From our previous forays into the village, we now knew that just about every village in Kinnaur will have its local presiding deity – the Devta Sahab who rules over the land, takes decisions, decides about social calendars and solves disputes for the villagers. Village Kamru and Palika Kamru (a smaller hamlet located above Kamru) were under the protection of Badri Narayan Ji, believed to be the brother of Badrinath Ji in Uttarakhand. Anthropologists mark the emergence of the ‘Narayan clan’ of deities in Kinnaur to indicate the influence of Hinduism as it began to mix with the indigenous culture of Kinnaur. The beliefs of Kamru are no different than those of any other village in the region but the religious symbolism on the temple and the imagery used to describe the deity is largely Hindu in origin. Devta sahab actually enjoys a seat of honour in the court of Badrinath Ji and even visits his brother from time to time. He commands much respect and awe from his subjects, who believe that his protection is the reason why the hills have stopped flooding, the lands have stopped sliding and their Apple plantations have started to grow.

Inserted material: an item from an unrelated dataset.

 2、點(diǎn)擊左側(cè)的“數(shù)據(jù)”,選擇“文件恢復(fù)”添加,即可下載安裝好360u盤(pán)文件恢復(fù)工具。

And so with the blessings of Badri Vishal Ji and renewed energy stemming from the excitement of finding an offbeat place in Kamru, we began climbing again. And then, out of nowhere, we were there!

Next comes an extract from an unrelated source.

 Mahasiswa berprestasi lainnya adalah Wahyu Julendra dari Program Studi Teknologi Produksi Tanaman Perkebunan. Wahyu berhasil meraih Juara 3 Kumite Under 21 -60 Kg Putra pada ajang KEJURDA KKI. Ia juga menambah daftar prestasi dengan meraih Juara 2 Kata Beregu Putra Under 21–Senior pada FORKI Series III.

…and the bubble just deflated. This was a fort? No… surely the person who named it must be mistaken. Forts are sprawling structures of stone, massive courtyards with minarets and domes, long, flowing walls that snake out from the central edifice, protecting everything within. Images of Chittorh, Jaipur, Mandu and so on began swirling through my brain as the tower that stood before me stood tall and proud – nothing like anything you would expect from a ‘Fort’.
Forts of Kinnaur are an acquired taste, maybe a bit like green tea – a refreshing drink that never sits well with traditional chai lovers on the first go. But when you get past the initial hit-back of your ‘typical-patterns’ loving brain, these structures kinda grow on you! As they did for us…
The lofty tower that makes up Kamru Fort stands imposingly against the backdrop of the mighty Kinnaur-Kailash peak. The five storey-ed building is beautifully dressed of stone, bound at small intervals with wooden rafters and topped with a gabled roof and a ridgepole. As per the locals, the fort houses all the 36 crore Devis and Devtas of Hinduism in one monumentally pious structure. The fort’s entry way has two gates – one made of carved wood and the other with ornate metal carvings. And to enter the courtyard, you need to don a Kinnauri Topi (cap) and Kamarbandh (belt), both available at the gate. Of course, as with all Himalayan places of worship, all items of leather like shoes, belts and wallets are to be left outside.
So, all set and ready, we climbed the last few stairs, past the gates and into the temple courtyard, only to find the biggest surprise of them all –
That’s right – the revered, awed and often feared form of Devi from the North East, better known as the Menstruating Goddess from Assam, has her second seat here. Kamru’s history talks of the Bushahr Kings of old constructing this fort as their stronghold in Kinnaur and bringing Kamakhya Devi Ji or Kamru Kamakshi Devi Ji here, all the way from Kamrup in Assam to bless the village. Locals share tales of how the power of Devi ji is so great that no king in the land has ever been able to rule without her blessing. In fact, the Kings of Bushahr made Kamru Fort as the place for their official coronation (rajya-abhishek) ceremony and every ruler from Raja Kehri Singh to Raja Padam Singh were crowned here. And, as the locals share, since Raja Virbhadra Singh (current ruler) and his son didn’t have their coronation at Kamru, under Kamakshi Devi’s influence, their reign on the kingdom has all but faded out of existence.
The history of Kamru fort, the culture of the village, the beliefs of the locals and their amazing tales – so many reasons exist for a traveller to plan a heritage walk around Kamru Fort. But as we descended the stairs back onto the highway, we could see all those vehicles zooming past, not having the slightest of ideas that such an amazing piece of history is lying hidden, just a half an hour’s worth climb away!